[Extracted records]
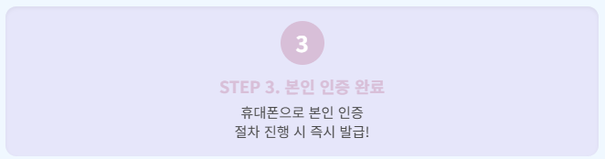 - **STEP 3. 본인 인증 완료:** 안내에 따라 본인 명의 휴대폰으로 **본인 인증 절차**를 진행하면 즉시 발급 완료됩니다.
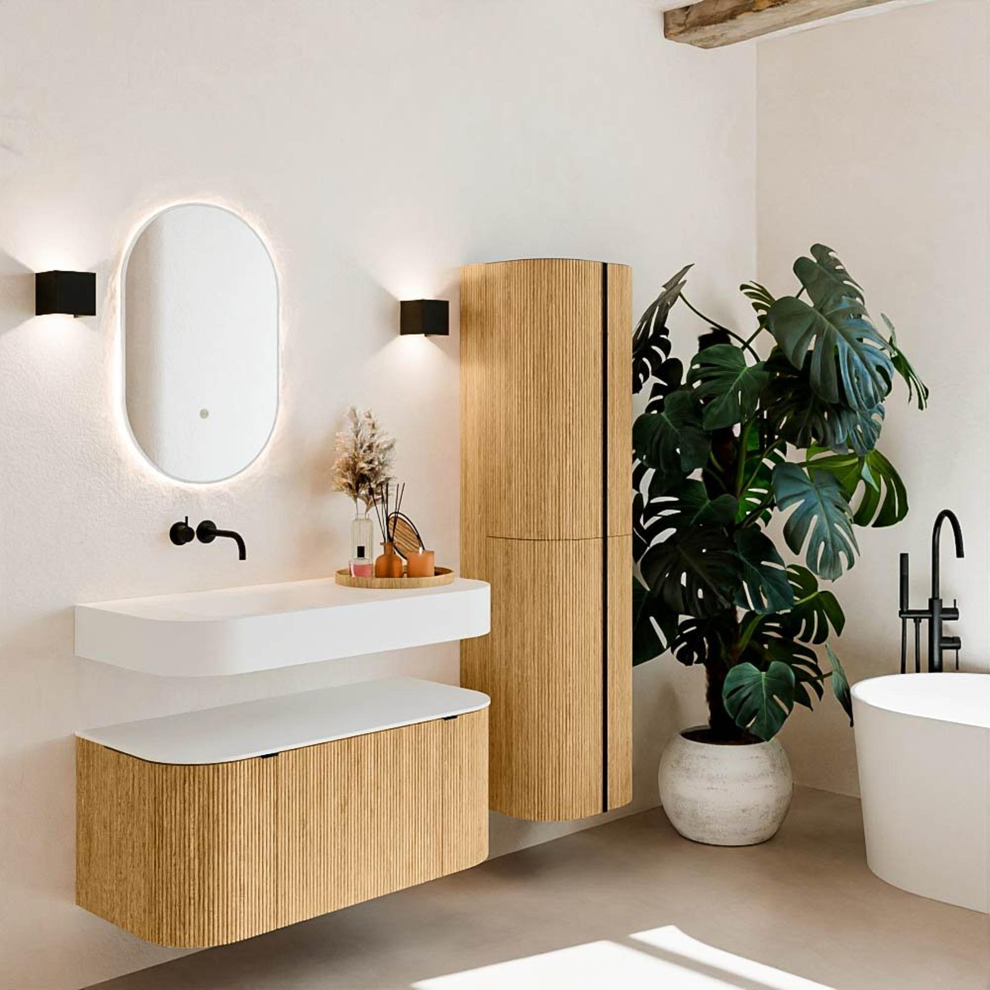 Natuurlijke materialen in warme tinten. De verticale ribbels brengen ritme en textuur in het ontwerp, terwijl het eikenhout zorgt voor een warme, ambachtelijke uitstraling. Kies uit 5 houttinten OAK, WALNUT, DUSK, SHADOW en RUBY zorgvuldig geselecteerde houtkleuren om zowel moderne als klassieke badkamers te verrijken.
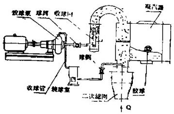 1、收球網 2、裝球室 3、二次濾網 4、球閥 5、冷凝器 6、球閥 7、液壓閘閥 8、膠球泵
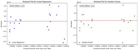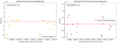 While, Linear Regression model captures linear relationships adequately but shows systematic limitations in predicting extreme wear rates (i.e., residual error increases as specific wear rate increases), Random Forest model shows randomly distribution of residual points which indicates no systematic pattern but it has higher magnitude of residual error than Polynomial Regression model. which provides an advantage to Polynomial Regression over random forest model. The Gaussian Process Regression shows dense cluster regions and some sparse regions with fewer data points showing wider residual spread. This indicates that it is not showing consistent performance as Polynomial Regression model across the entire wear rate prediction space. Each plot includes a Durbin-Watson statistics which quantify degree of autocorrelation and these values must be close to 2 because then and only then the model said be independent, unbiased. Therefore, these residual plots and Durbin-Watson statistics together confirms all four models are supporting the robustness of wear rate predictions for Inconel 718 material.
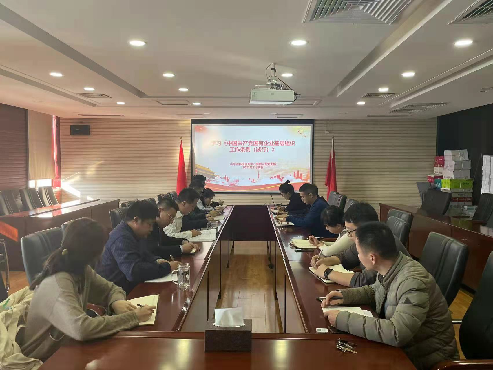 為貫徹落實新時代黨的建設(shè)總要求和新時代黨的組織路線,堅持和加強(qiáng)黨對國有企業(yè)的全面領(lǐng)導(dǎo),11月8日下午,山東省科技咨詢中心黨支部召開黨員會議,專題學(xué)習(xí)了《中國共產(chǎn)黨國有企業(yè)基層組織工作條例(試行)》(以下簡稱《條例》)。黨支部書記魏正杰進(jìn)行了領(lǐng)學(xué)。
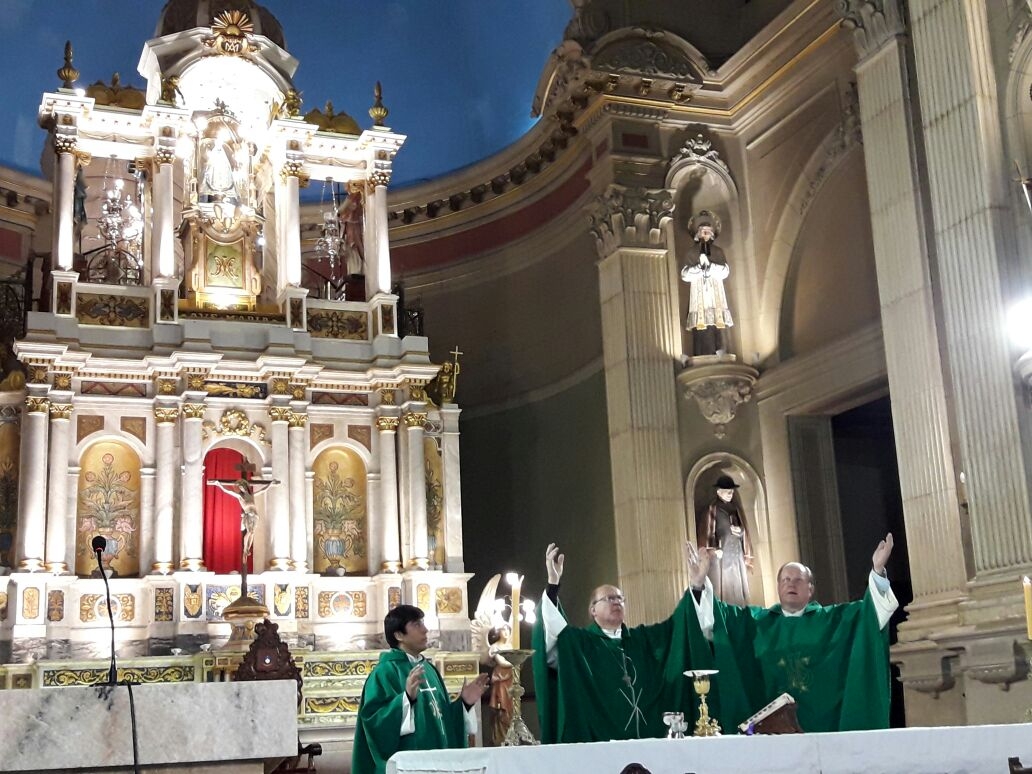 La Eucaristía fue concelebrada por el Pbro. Lucas Segura, Capellán del Santuario Mariano, y el Pbro. Francisco Urbanc, hermano del Obispo, quien llegó desde la vecina provincia de Tucumán para compartir este especial acontecimiento.
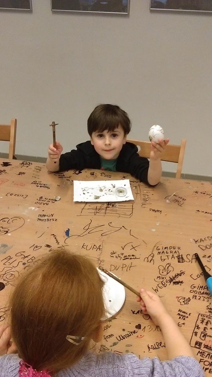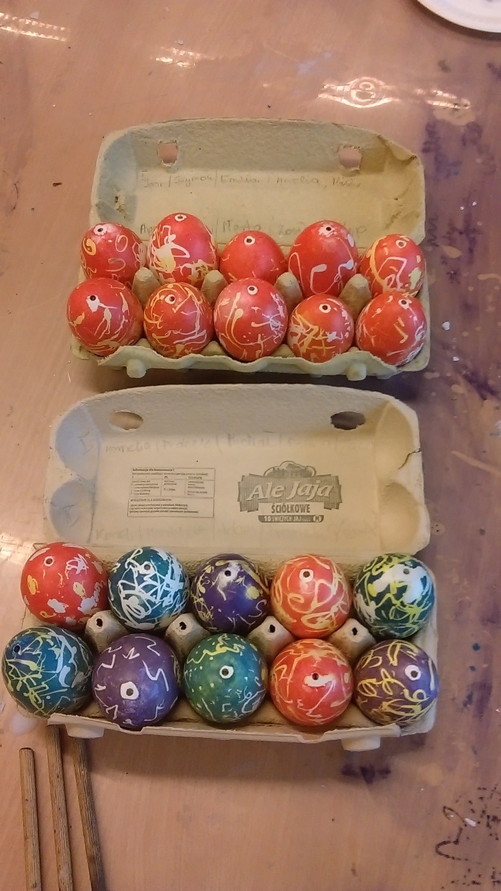 Dzisiaj byliśmy w Muzeum Karkonoskim i uczestniczyliśmy w warsztatach. Malowaliśmy wydmuszki, techniką która nazywa się batik. Pani rozpoczynając warsztaty roztopiła wosk. Później nakładaliśmy woskowy wzór, a następnie barwiliśmy wydmuszki. Czynność tę powtórzyliśmy. Musieliśmy być bardzo ostrożni, bo wosk był bardzo ciepły. Efekty naszej pracy były niesamowite.
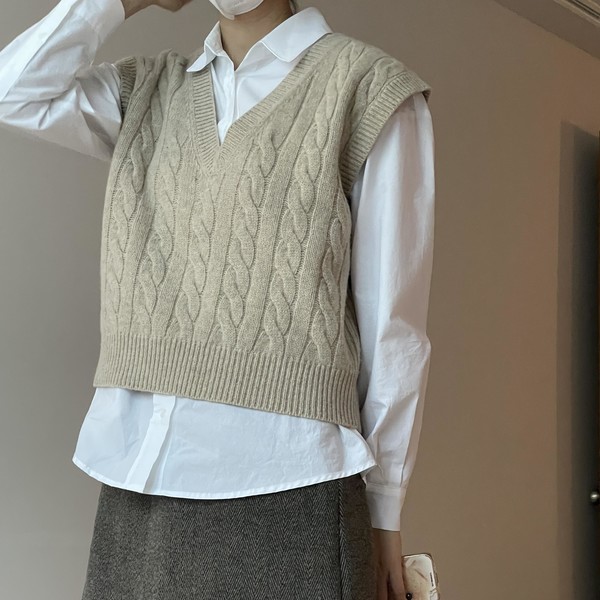 [직원리뷰] 저는 100% Wool Cable Vest_Sand Beige를 착용했는데요, 디자인이 베이직해서 모직치마나 청바지, 반바지와도 잘 어울렸고, 셔츠를 활용해서 입어도 예쁘지만 목티와 함께 입어도 좋을 듯 합니다 :) (직원 스펙 : 키-169cm, 평소사이즈-55)
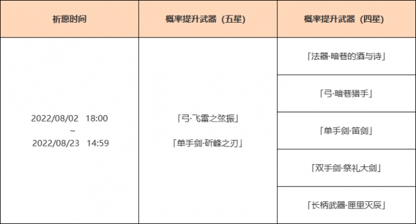 ●活動期間,限定五星武器「弓·飛雷之弦振」「單手劍·斫峰之刃」的祈願獲取概率將大幅提升。
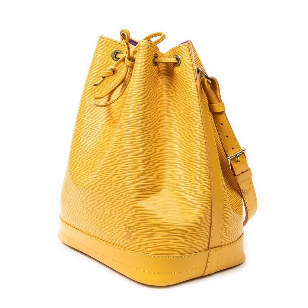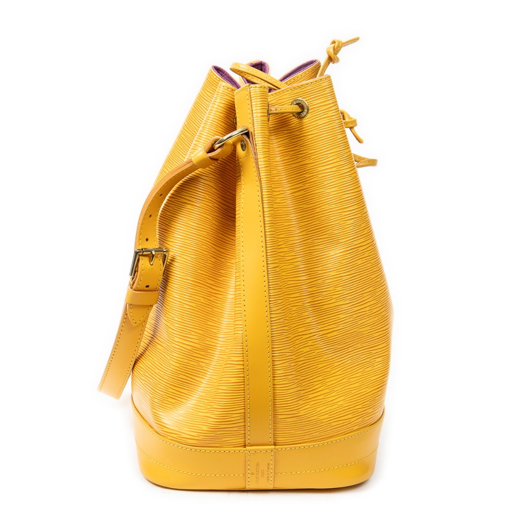 A vintage Louis Vuitton Noé bag crafted in vibrant yellow textured calf leather, offering a bold and distinctive take on one of the house’s most iconic silhouettes. The structured bucket design is enhanced by the signature drawstring closure and tonal leather trim, while the rich colourway adds a striking statement to this timeless piece.
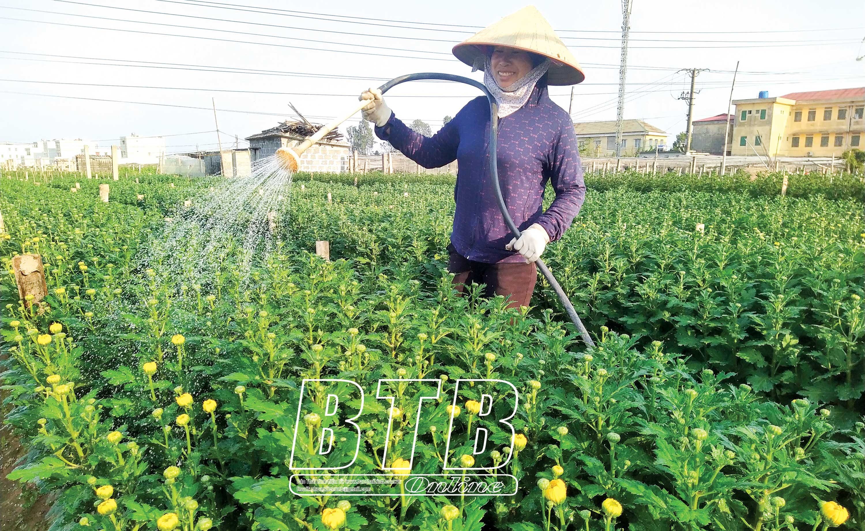 Nông dân xã Vũ Chính (thành phố Thái Bình) chăm sóc hoa.

**Exercise brief**
Without including any picture, repeat the data exactly.

**Result of the exercise**
 - **STEP 3. 본인 인증 완료:** 안내에 따라 본인 명의 휴대폰으로 **본인 인증 절차**를 진행하면 즉시 발급 완료됩니다.
 Natuurlijke materialen in warme tinten. De verticale ribbels brengen ritme en textuur in het ontwerp, terwijl het eikenhout zorgt voor een warme, ambachtelijke uitstraling. Kies uit 5 houttinten OAK, WALNUT, DUSK, SHADOW en RUBY zorgvuldig geselecteerde houtkleuren om zowel moderne als klassieke badkamers te verrijken.
 1、收球網 2、裝球室 3、二次濾網 4、球閥 5、冷凝器 6、球閥 7、液壓閘閥 8、膠球泵
 While, Linear Regression model captures linear relationships adequately but shows systematic limitations in predicting extreme wear rates (i.e., residual error increases as specific wear rate increases), Random Forest model shows randomly distribution of residual points which indicates no systematic pattern but it has higher magnitude of residual error than Polynomial Regression model. which provides an advantage to Polynomial Regression over random forest model. The Gaussian Process Regression shows dense cluster regions and some sparse regions with fewer data points showing wider residual spread. This indicates that it is not showing consistent performance as Polynomial Regression model across the entire wear rate prediction space. Each plot includes a Durbin-Watson statistics which quantify degree of autocorrelation and these values must be close to 2 because then and only then the model said be independent, unbiased. Therefore, these residual plots and Durbin-Watson statistics together confirms all four models are supporting the robustness of wear rate predictions for Inconel 718 material.
 為貫徹落實新時代黨的建設(shè)總要求和新時代黨的組織路線,堅持和加強(qiáng)黨對國有企業(yè)的全面領(lǐng)導(dǎo),11月8日下午,山東省科技咨詢中心黨支部召開黨員會議,專題學(xué)習(xí)了《中國共產(chǎn)黨國有企業(yè)基層組織工作條例(試行)》(以下簡稱《條例》)。黨支部書記魏正杰進(jìn)行了領(lǐng)學(xué)。
 La Eucaristía fue concelebrada por el Pbro. Lucas Segura, Capellán del Santuario Mariano, y el Pbro. Francisco Urbanc, hermano del Obispo, quien llegó desde la vecina provincia de Tucumán para compartir este especial acontecimiento.
 Dzisiaj byliśmy w Muzeum Karkonoskim i uczestniczyliśmy w warsztatach. Malowaliśmy wydmuszki, techniką która nazywa się batik. Pani rozpoczynając warsztaty roztopiła wosk. Później nakładaliśmy woskowy wzór, a następnie barwiliśmy wydmuszki. Czynność tę powtórzyliśmy. Musieliśmy być bardzo ostrożni, bo wosk był bardzo ciepły. Efekty naszej pracy były niesamowite.
 [직원리뷰] 저는 100% Wool Cable Vest_Sand Beige를 착용했는데요, 디자인이 베이직해서 모직치마나 청바지, 반바지와도 잘 어울렸고, 셔츠를 활용해서 입어도 예쁘지만 목티와 함께 입어도 좋을 듯 합니다 :) (직원 스펙 : 키-169cm, 평소사이즈-55)
 ●活動期間,限定五星武器「弓·飛雷之弦振」「單手劍·斫峰之刃」的祈願獲取概率將大幅提升。
 A vintage Louis Vuitton Noé bag crafted in vibrant yellow textured calf leather, offering a bold and distinctive take on one of the house’s most iconic silhouettes. The structured bucket design is enhanced by the signature drawstring closure and tonal leather trim, while the rich colourway adds a striking statement to this timeless piece.
 Nông dân xã Vũ Chính (thành phố Thái Bình) chăm sóc hoa.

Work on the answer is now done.